Physical Plant Requirements:
Assisted-Living Facilities must be designed, constructed, and maintained in a manner that is safe, clean, and functional for the type of care and treatment to be provided. The physical plant standards include support services, care and treatment areas, construction standards, and building systems. In existing facilities, private resident units must be a minimum of 80 square feet and double-occupancy units must provide a minimum of 60 square feet per resident. In new facilities, private resident units must be a minimum of 100 square feet and double-occupancy units must be a minimum of 160 square feet.

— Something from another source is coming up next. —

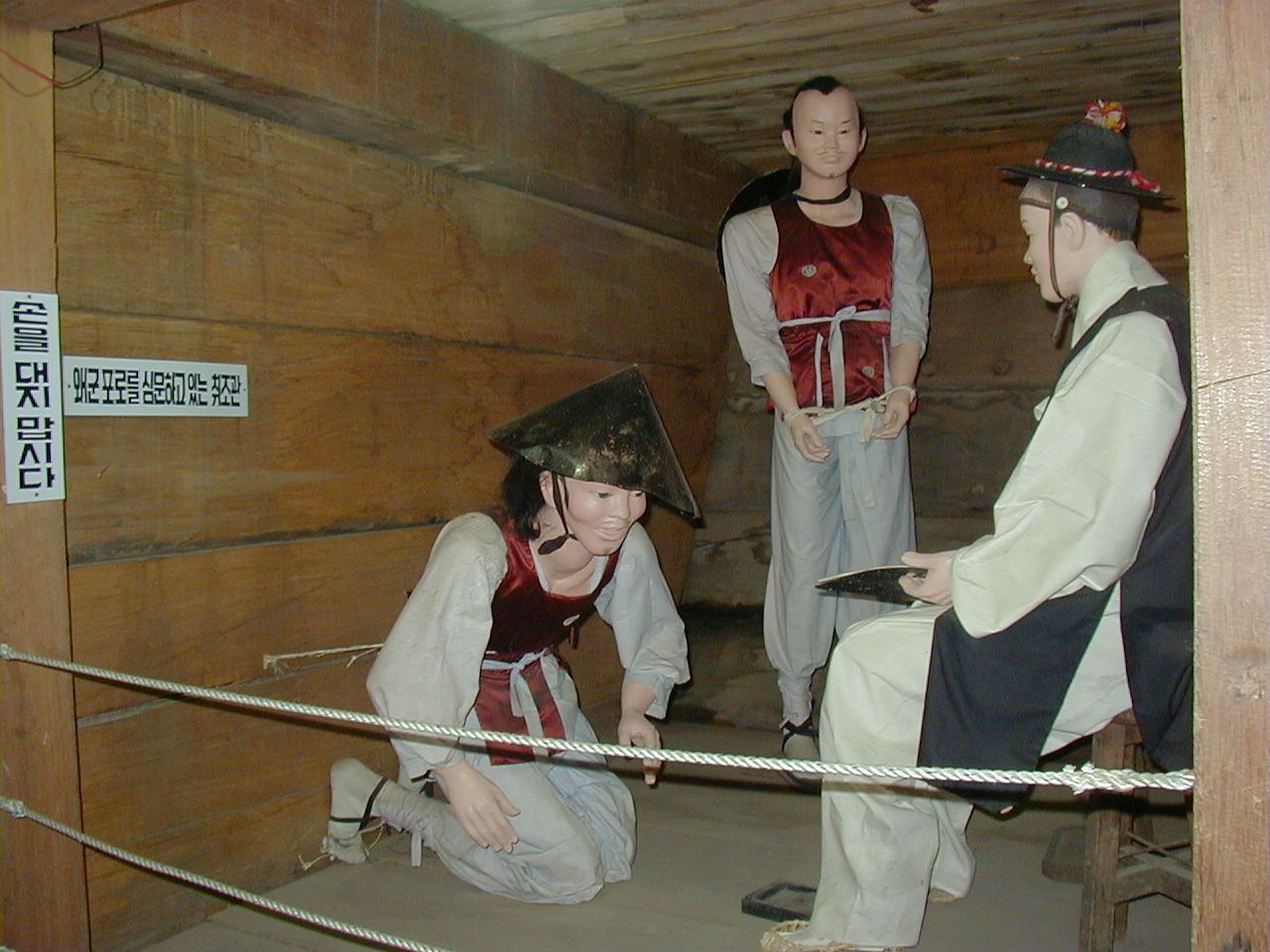 亀甲船は、豊臣秀吉の時代、文禄・慶長の役のとき、李舜臣将軍が閉麗水道で日本軍勢を迎え撃ったときに使った船のことである。亀甲船は、敵の攻撃から船を守るため亀の甲羅のような平べったい形をしており、その亀の甲羅の部分に鋭くとがった針を埋め込んでいる。文献を元に復元した実物大の模型船をここに浮かべているのである。
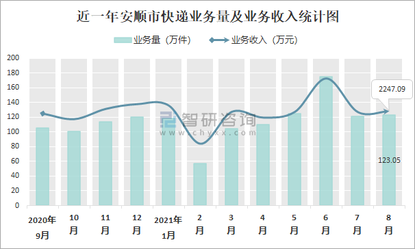 近一年安順市快遞業(yè)務(wù)量及業(yè)務(wù)收入統(tǒng)計(jì)圖

Residents Allowed Per Room:
An Assisted-Living Facility must provide resident bedrooms that allow for sleeping, afford privacy, provide access to furniture and belongings, and accommodate the care and treatment provided to the resident. With few exceptions, resident bedrooms must be a single room located within an apartment, dwelling, or dormitorylike structure. In existing facilities, a maximum of four residents is allowed per resident unit. In new facilities, a maximum of two residents is allowed per resident unit.

Life Safety:
All facilities must comply with applicable Nebraska state fire codes and standards to provide a safe environment. Life safety codes for Assisted-Living Facilities are based on National Fire Protection Association standards. Facilities are classified as either Residential Board and Care Occupancy or Limited Care Facility (Health Care Occupancy). Based on the evacuation capability of the residents, the Nebraska State Fire Marshal inspects and determines applicable requirements for fire drills, fire alarm systems, fire sprinkler systems, etc.

Alzheimer's Unit Requirements:
Facilities serving special populations (i.e., persons with Alzheimer's Disease, dementia, or related disorders) must provide care and services in accordance with the resident service agreement and the stated mission and philosophy of the facility; inform the resident or legal representative in writing of the facility's criteria for admission, discharge, transfer, resident conduct, and responsibilities; maintain a sufficient number of direct care staff with the required training and skills necessary to meet the resident's requirements; and provide a physical environment that conforms to and accommodates the special needs.

Staff Training for Alzheimer's Care:
The administrator and direct care staff must be trained in the facility or unit's philosophy and approaches to providing care and supervision for persons with Alzheimer's disease; the Alzheimer's disease process; and the skills necessary to care for and intervene and direct residents who are unable to perform ADLs, personal care, or health maintenance, and who may exemplify behavior problems or wandering tendencies.

Staffing Requirements:
The facility must have an administrator who is responsible for the overall operation of the facility. The administrator is responsible for overall planning, organizing, and directing the day-to-day operation of the facility. The administrator must report all matters related to the maintenance, operation, and management of the facility and be directly responsible to the licensee of the facility. The administrator is responsible for maintaining staff with appropriate training and skills and sufficient in number to meet resident needs as defined in the resident service agreements. The facility must provide for a RN to review medication administration policies and procedures and to provide or oversee training of medication aides at the facility.

Staff Education Training:
Direct-care staff must complete an initial orientation and ongoing training. An RN must provide or oversee specific areas of medication aide training.

Medicaid Policy and Reimbursements:
State supplemental payments may be available for Assisted-Living Facilities for persons eligible for assistance to the aged, blind, and disabled/Medicaid program. Additional services and/or payment may be available for persons who quality for Medicaid and who meet the criteria under the state's aged and disabled home and community-based waiver.